Norwegian actor and stage producer

Jack Fjeldstad (24 March 1915 - 4 September 2000) was a Norwegian actor and stage producer. He was active on stage and in films for more than fifty years.

==Biography==
Fjeldstad was born in Kristiania on 24 March 1915. His parents were Gunvald Fjeldstad and Gunvor Gundersen, and he grew up with his grandparents at Lilleaker.
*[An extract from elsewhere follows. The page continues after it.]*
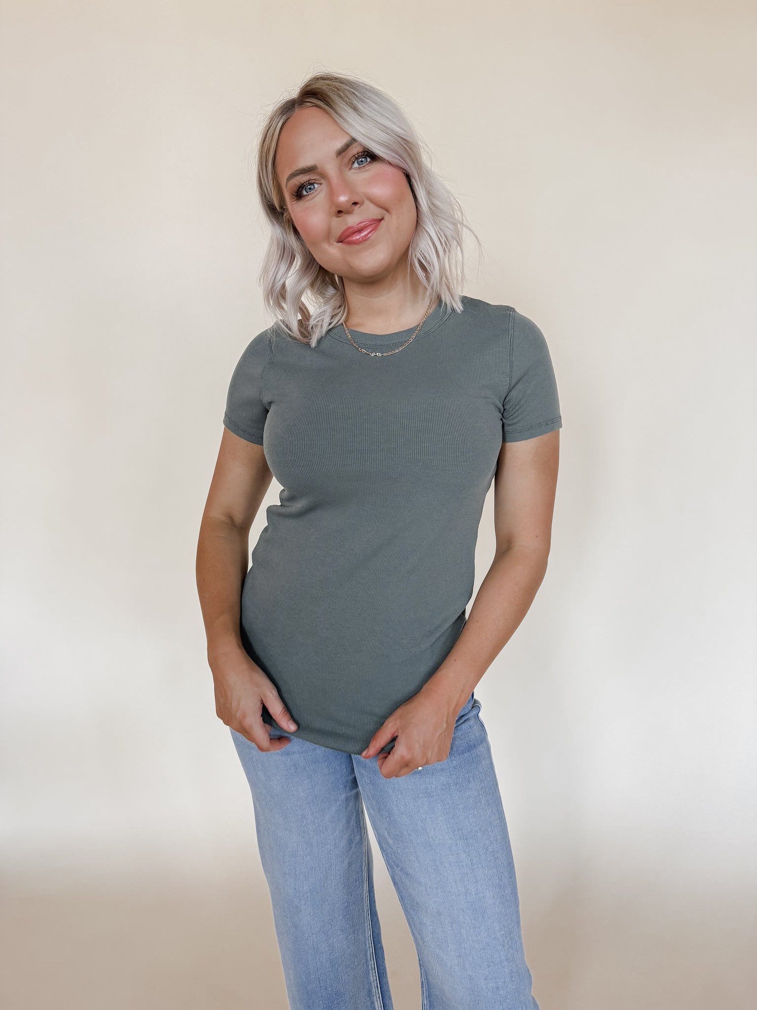 Ribbed knit basic tee shirt. SUPER soft! Scoop hem in front and back.

He was married to secretary Inger Sofie Berg.

He made his film debut in Jeg er ung in 1934. He played in the narrative film Det drønner gjennom dalen in 1937, and participated in more than thirty films, including the role of Jan Baalsrud in Nine Lives from 1957.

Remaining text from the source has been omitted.